__COLLECTED MATERIAL__.
_ _ _

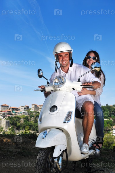 Счастливая молодая пара на скутере
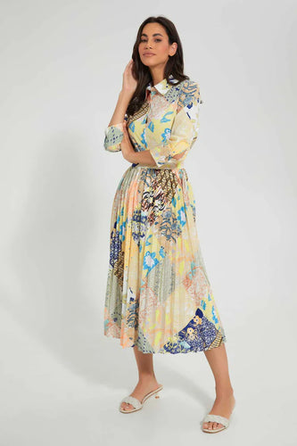 Multicolour Pleated Dress فستان كسرات متنوع الألوان
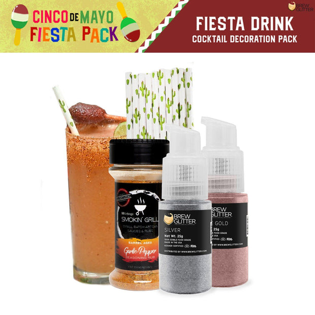 Satisfy everyone's cocktail cravings with our Cinco de Mayo Fiesta Drink Decorating Kit. Created with a refreshing and stunning mango flavored fiesta cocktail in mind, this mixology kit features our Silver and Rose Gold edible drink glitter, fun cactus printed party straws and savory gourmet garlic pepper seasoning to add a kick to your garnishes or beverage. This convenient combo pack will make every moment a celebration.
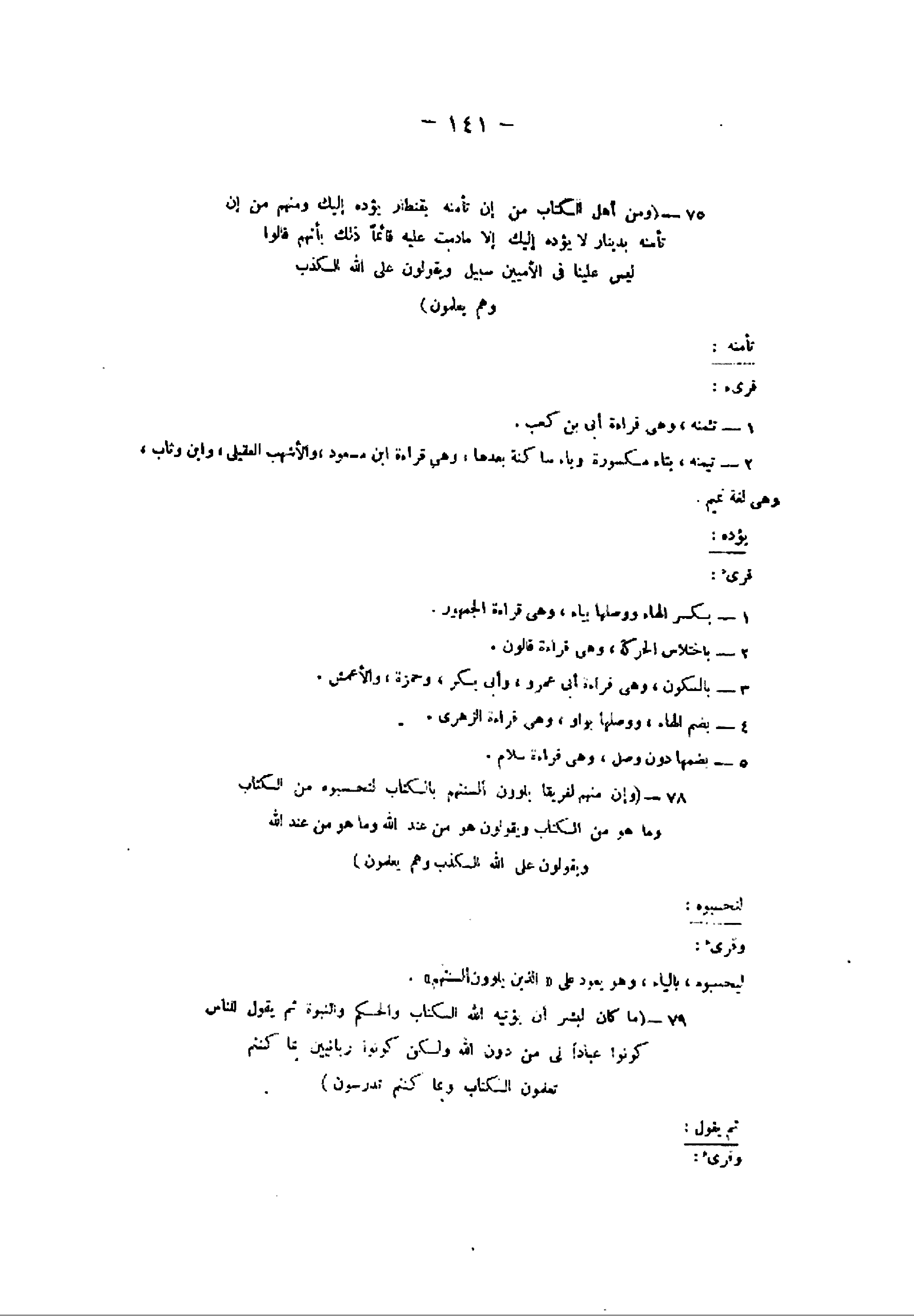 75- (وَمِنْ أَهْلِ الْكِتابِ مَنْ إِنْ تَأْمَنْهُ بِقِنْطارٍ يُؤَدِّهِ إِلَيْكَ وَمِنْهُمْ مَنْ إِنْ تَأْمَنْهُ بِدِينارٍ لا يُؤَدِّهِ إِلَيْكَ إِلَّا ما دُمْتَ عَلَيْهِ قائِماً ذلِكَ بِأَنَّهُمْ قالُوا لَيْسَ عَلَيْنا فِي الْأُمِّيِّينَ سَبِيلٌ وَيَقُولُونَ عَلَى اللَّهِ الْكَذِبَ وَهُمْ يَعْلَمُونَ) تأمنه:

_ _ _

__TO DO__.
Reproduce the material exactly; omit the pictures.

__YOUR SOLUTION__.
 Счастливая молодая пара на скутере
 Multicolour Pleated Dress فستان كسرات متنوع الألوان
 Satisfy everyone's cocktail cravings with our Cinco de Mayo Fiesta Drink Decorating Kit. Created with a refreshing and stunning mango flavored fiesta cocktail in mind, this mixology kit features our Silver and Rose Gold edible drink glitter, fun cactus printed party straws and savory gourmet garlic pepper seasoning to add a kick to your garnishes or beverage. This convenient combo pack will make every moment a celebration.
 75- (وَمِنْ أَهْلِ الْكِتابِ مَنْ إِنْ تَأْمَنْهُ بِقِنْطارٍ يُؤَدِّهِ إِلَيْكَ وَمِنْهُمْ مَنْ إِنْ تَأْمَنْهُ بِدِينارٍ لا يُؤَدِّهِ إِلَيْكَ إِلَّا ما دُمْتَ عَلَيْهِ قائِماً ذلِكَ بِأَنَّهُمْ قالُوا لَيْسَ عَلَيْنا فِي الْأُمِّيِّينَ سَبِيلٌ وَيَقُولُونَ عَلَى اللَّهِ الْكَذِبَ وَهُمْ يَعْلَمُونَ) تأمنه:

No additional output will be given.